Londoners feel lonely but strongly connected to their city, survey reveals

London is the UK’s loneliest city, but its residents also feel strongly they belong to the city, a report has revealed. 

The Belonging Forum‘s Belonging Barometer report asked more than 10,000 people across the UK about their sense of loneliness, community belonging and life satisfaction. 

The research shows that while 35% of Londoners report feeling lonely, 68% feel like they strongly belong to the city or county they live in, more than any other region.

Belonging Forum founder Kim Samuel said: “It’s extraordinary the strength of connection Londoners have to the city.

“They might feel a stronger sense of belonging to the city for its diverse culture and status as a global city, which fosters a sense of pride. 

“The presence of numerous support networks and communities within London helps residents feel more connected to both their local area and the larger urban and national identity.”

Living in the centre of where politics happens might also play a part, as 27% of Londoners think the government represents their views and interests well, compared with15% in the whole of the UK.

But despite this, loneliness is still a common feeling for Londoners, with nearly one half (48%) demanding more community spaces for people to meet. 

Samuel added: “While London is full of so many opportunities and new experiences for young people, despite being surrounded by millions of people it can be an isolating city to move to.” 

Housing strongly affects the sense of isolation, with 40% of renters across the country reporting feeling lonely compared to 29% of homeowners. 
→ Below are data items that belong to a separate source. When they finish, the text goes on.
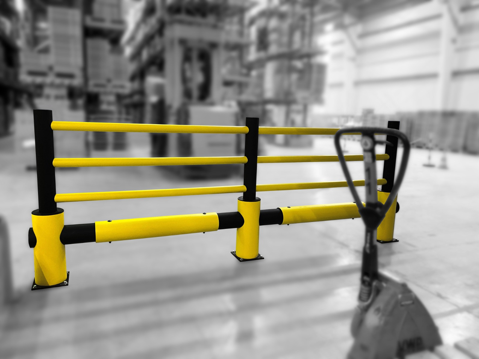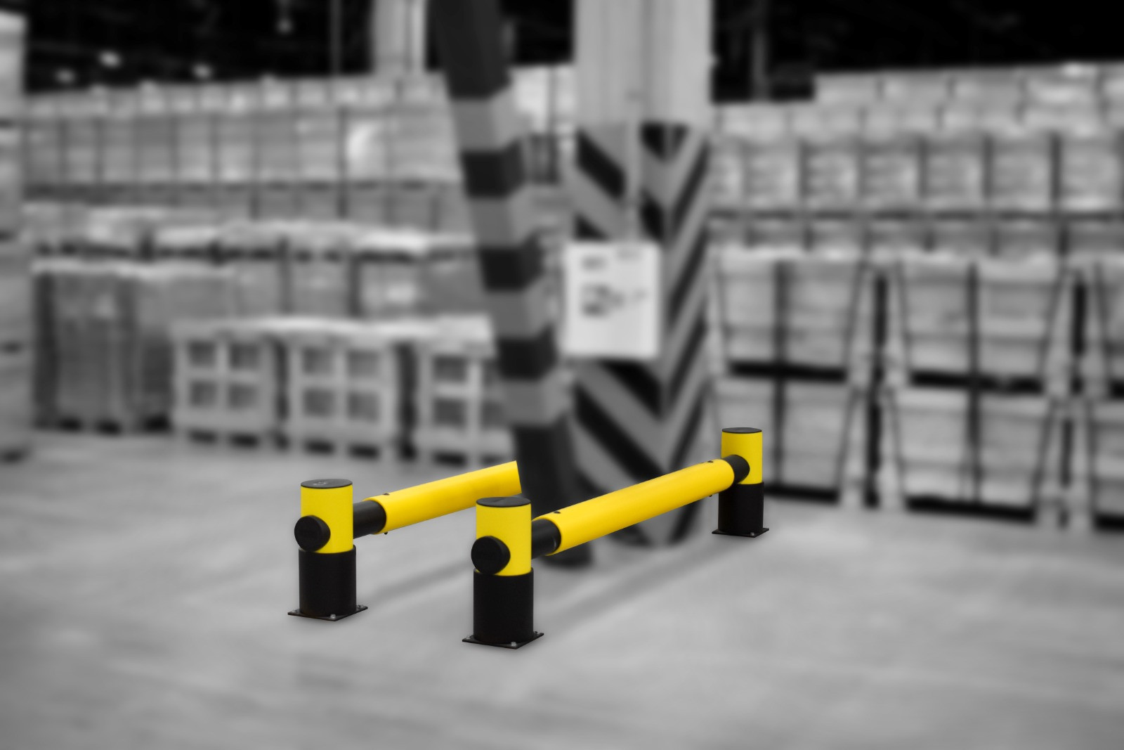 The industrial safety barriers featuring a deformable polymer material and rounded design will effectively protect the forklifts and pallet trucks from potential collisions.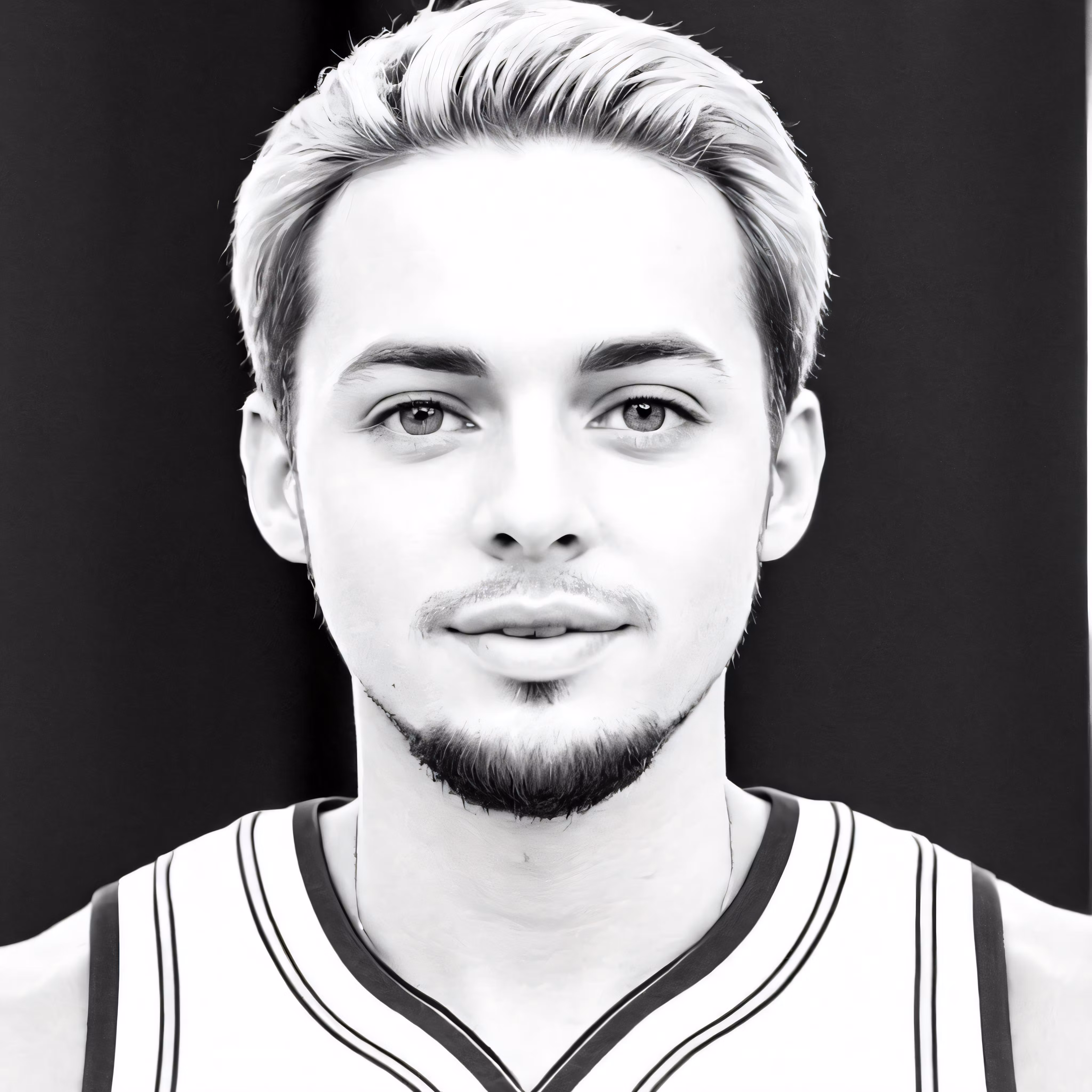 High resolution picture, free to use, the official logo for the 50 /black and white photograph of a young man with a beard
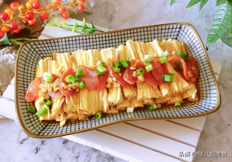 腐竹放進盤內擺好,再鋪上臘腸片,淋入料汁,入鍋蒸十分鐘。蒸好后,撒上蔥花,這道菜就做好了。不愛酸味的朋友,可以不放醋。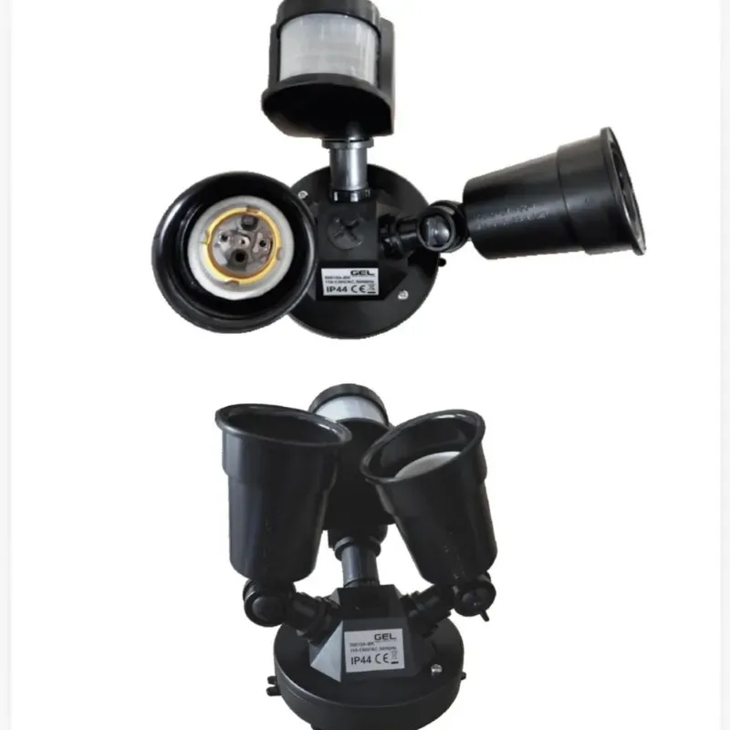 Aplique para exterior de luz dirigible y sensor de movimiento. Cuenta con dos socket para bombillo E27. Material PC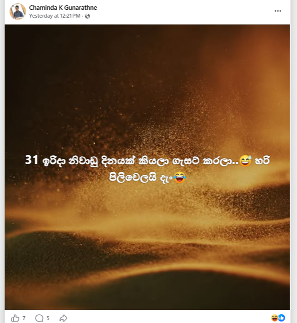 Additionally, during the Cabinet press conference on April 22, the Cabinet Spokesperson responded to a media inquiry by noting that whenever the day after Vesak Poya falls on a Sunday, it has traditionally been declared a public holiday.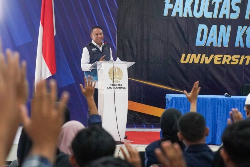 Surabaya: Menteri Pemuda dan Olahraga Republik Indonesia (Menpora RI) Prof Dr Zainudin Amali, S.E., M.Si memberikan kuliah tatap muka langsung di hadapan Mahasiswa Fakultas Ilmu Keolahragaan dan Kesehatan (FIKK) Universitas Negeri Surabaya (Unesa). Kegiatan perkuliahan yang diikuti oleh para Mahasiswa Program Studi Keolahragaan ini dilaksanakan di Gedung U1 FIKK Unesa, Surabaya, Jawa Timur, Selasa (7/2) pagi.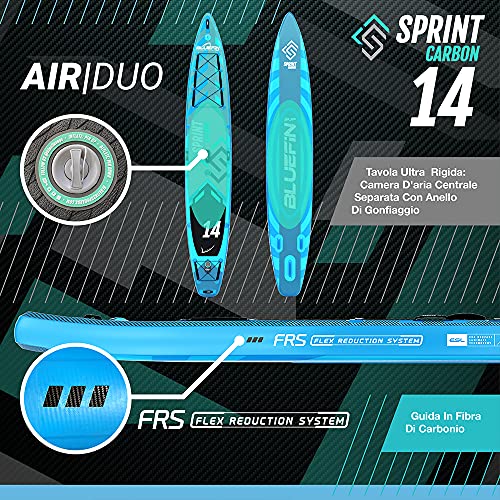TECNOLOGIA DI GONFIAGGIO AIR DUO: Il sistema di gonfiaggio doppio e indipendente è un enorme passo avanti nel mondo degli iSUP. La tecnologia Air Duo, infatti, ti permette di gonfiare la camera d'aria centrale interna, separatamente dalla camera d'aria principale esterna. Sprint Carbon galleggia anche solo grazie alla camera d'aria interna e questo è solo uno dei tanti vantaggi per la tua sicurezza.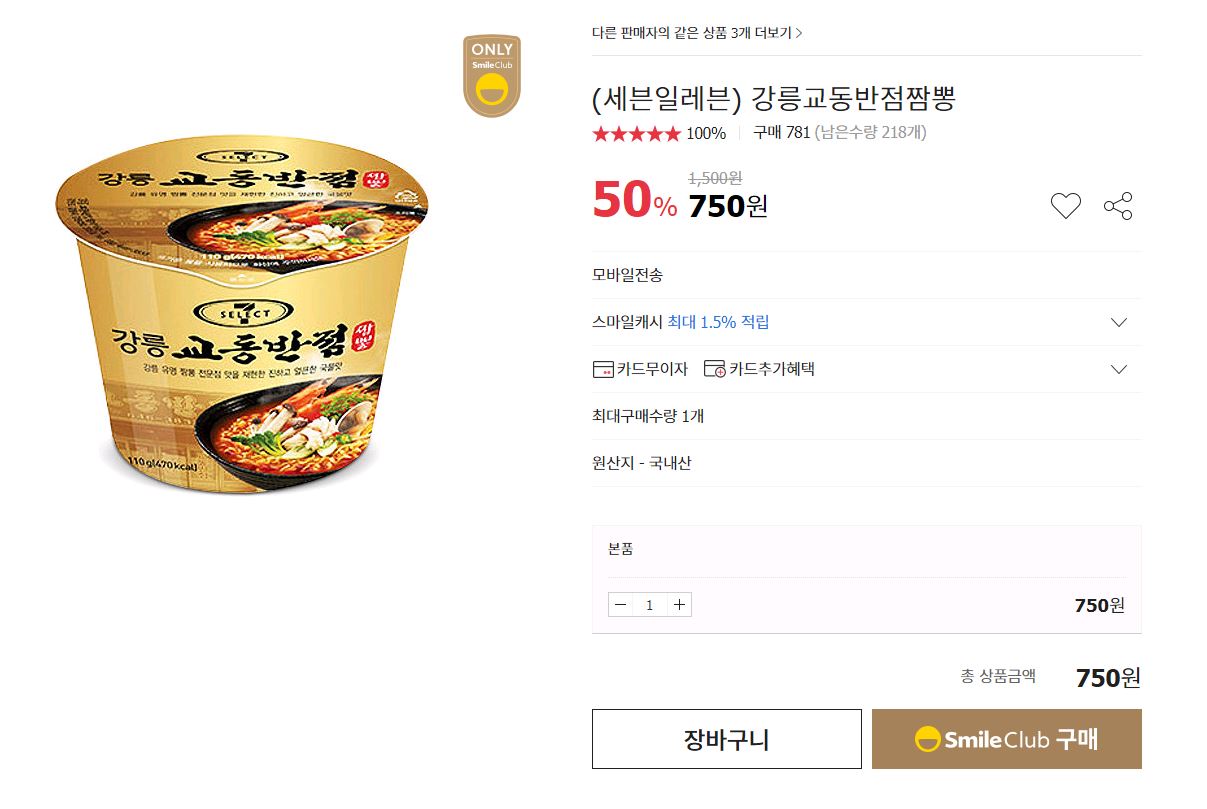 세븐일레븐 강릉교동반점짬뽕 반값입니다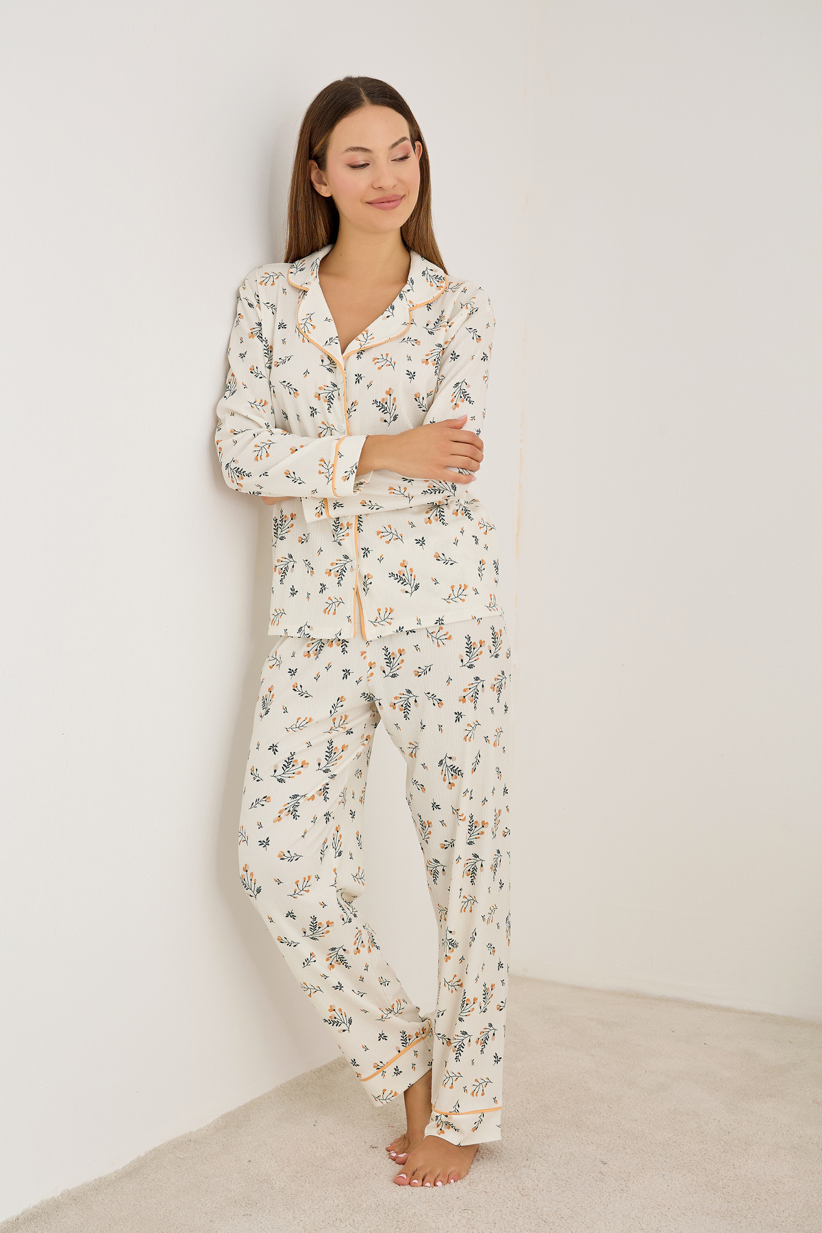 ekru yaprak desenli Bürümcük-Krınkıl Uzun Kollu Düğmeli Biyeli Pijama Takım 7931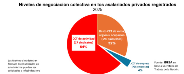 El 64% de los asalariados privados registrados bajo convenio se rige por convenios colectivos de actividad firmados por solo 17 sindicatos centrales.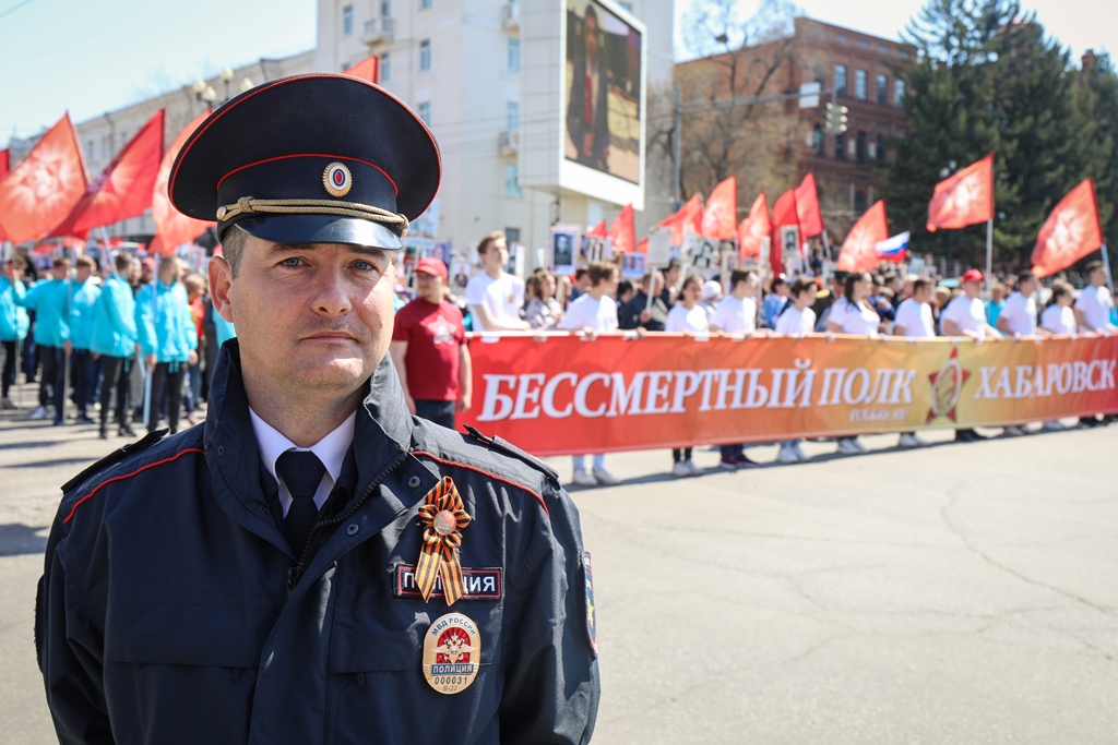В Хабаровске полицейские обеспечили общественный порядок и приняли участие в акции "Бессмертный полк" во время празднования Дня Победы в Великой Отечественной войне
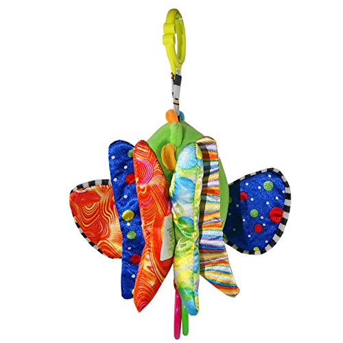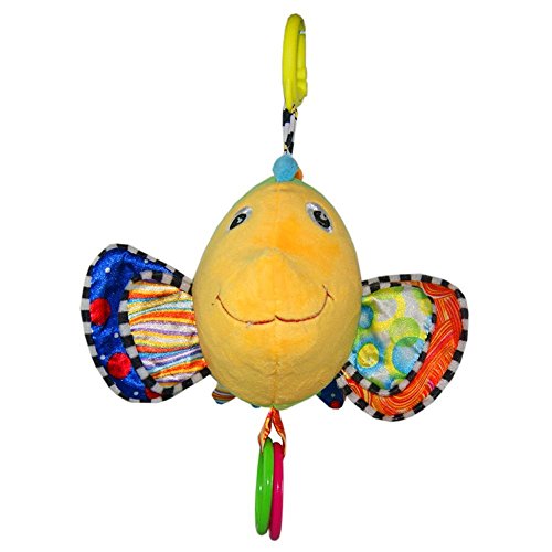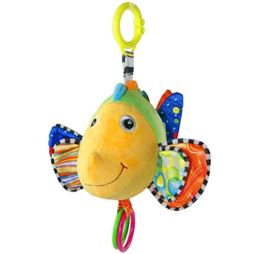 Stimulates Baby's Vision and Auditory Skills Vivid colors deepen babies' recognition of colors. Sounds like music and crinkle also help stimulate and develop baby's auditory skills. Finally, fish's large, friendly eyes invite baby to focus and stare at a single object, which can help calm baby while supporting healthy eye development.
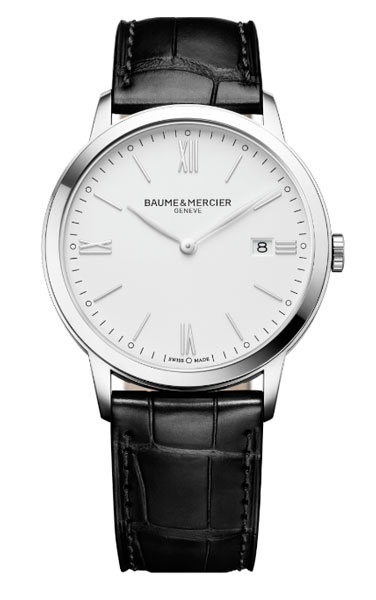 Grâce à son cadran blanc épuré au design minimaliste, cette montre date de 42 mm est un choix classique pour les hommes aux goûts sobres. Le cadran est orné de chiffres romains et du guichet de date emblématique de Baume et Mercier à 3 heures. Le style moderne de cette montre à quartz est complété par un bracelet cuir noir et une boîte en acier poli. Ce modèle destiné aux puristes fait partie de nos meilleures ventes.

Those who are renting are also less likely to know their neighbours, which for Samuel is exacerbated in London where people move out often and form fewer long-term relationships.

She said: “It is concerning that 39% of Londoners speak to their neighbours every week, compared to 45% of the rest of the UK. 

“This shows that Londoners have fewer touchstones to even give a friendly wave to in their street. 

“Getting to know your neighbours has many benefits including the ‘neighbourhood watch’ effect of improved safety and security at home.”  

Less frequent communication also prevails in personal lives – only 71% of Londoners speak to their partner every day compared to 90% in the whole country.

Vauxhall is the loneliest constituency

The polling was also conducted on a constituency-level basis, revealing that the constituency of Vauxhall and Camberwell Green is the loneliest in London, with 41% regularly feeling alone. 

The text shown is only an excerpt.